Not requiring any permits or fees, we set on a motorbike from Lakeside and headed 15km west of Pokhara to Kande where the ascent begins. As we started to drive upwards on the struggling motorbike it became clear why trekkers either walk or get the bus, the terrain was particularly uneven, varying between rocks and mud. On the plus side, we had the option of stopping whenever we desired on this beautifully cultured trail. The views were unparalleled with anything else I had previously witnessed in Nepal ranging from subtropical valleys of banana trees and rice paddies to high ridges covered in rhododendron forest. As we drove through the local villages, we received a warm welcome from several natives hailing from many ethnicities.

Eventually after an exhilarating four-hour drive we arrived at Deurali where we checked in to Happy Hearts Guest house, run by three Nepali sisters. The location was awe-inspiring, so much so that one guest even stayed over for a whole year, as informed by the sisters.

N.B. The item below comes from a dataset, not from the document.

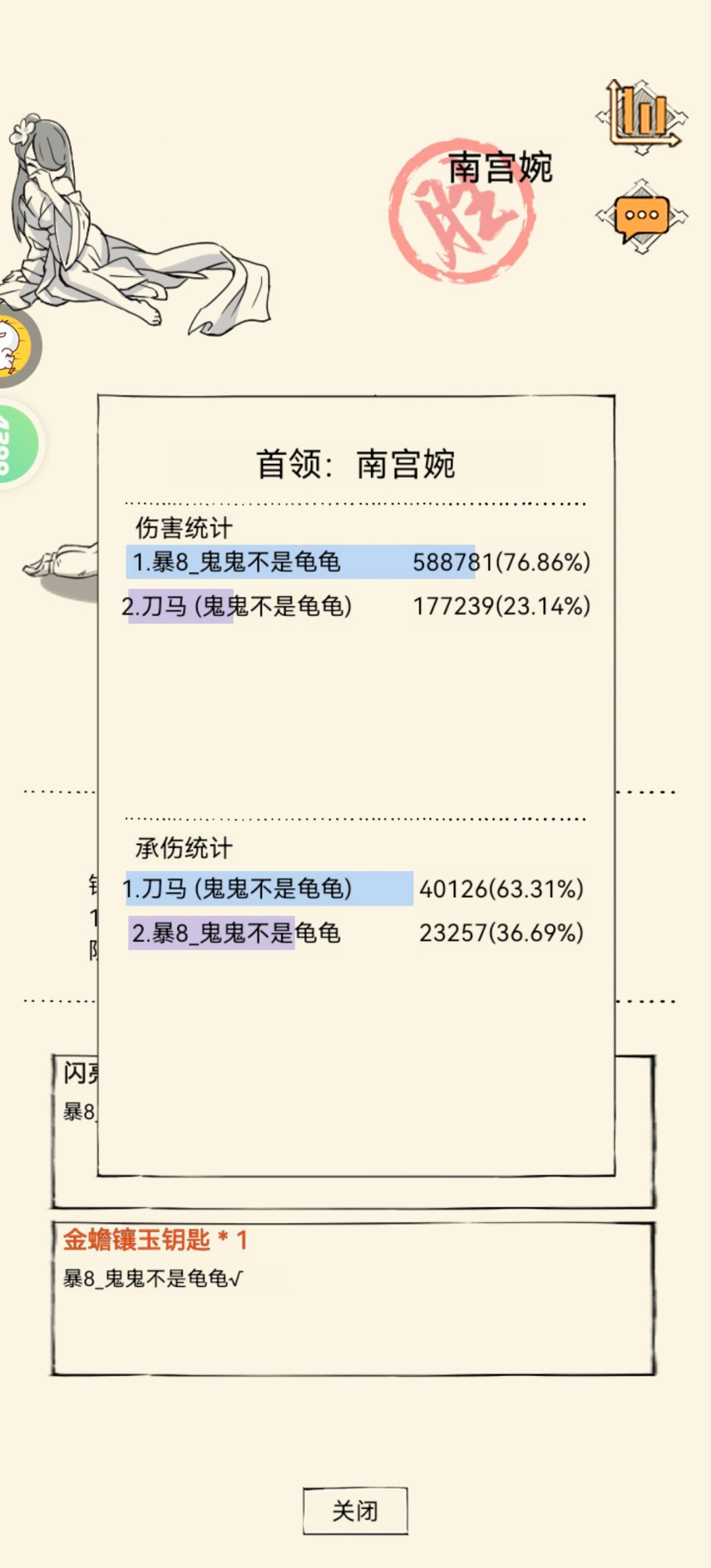 今天来晚了,没混到地狱,就想试试看,谁知道4破5防半套玄铁的21居然单刷了,太感动了。刀马哥太强了,直接少一个猴裂。

The next day we arose at 5:30am to view the sunrise and boy was it worth the early alarm call—despite the freezing temperatures! As the sun kissed the tip of Mount Fishtail, it just didn't seem real, the mountains looked so regal up-close and the sky—so fiery and full of life. 

The climb itself was great fun, saturated with luscious tropical trees and orchids, excellent for those who enjoy bird-watching. My friend's energy kept me going even when my fitness levels had other plans. As we marched further up the paved steps the air became thinner but his positive spirit and encouraging words kept me going, all the way to 2,432m. Once we reached the summit I recalled how my brother had reacted to my trekking plans, "yeah, whatever" he had said. But here I was, with my heads literally in the clouds, I felt high on life. A local man kindly made us some tea and after a brief rest it was time to head back down to civilisation.

The hardest part, as they say, really is the descent, it puts a huge deal of strain on your knees. We arrived back at Happy Hearts Guest House, with happy hearts but exhausted feet. The next day we were back at Lakeside and my mini-trek felt like a dream. Although a short but sweet adventure, Panchase will be one of my fondest memories from my time in Nepal. I certainly caught the trekking bug. Watch out Annapurna, you’re next.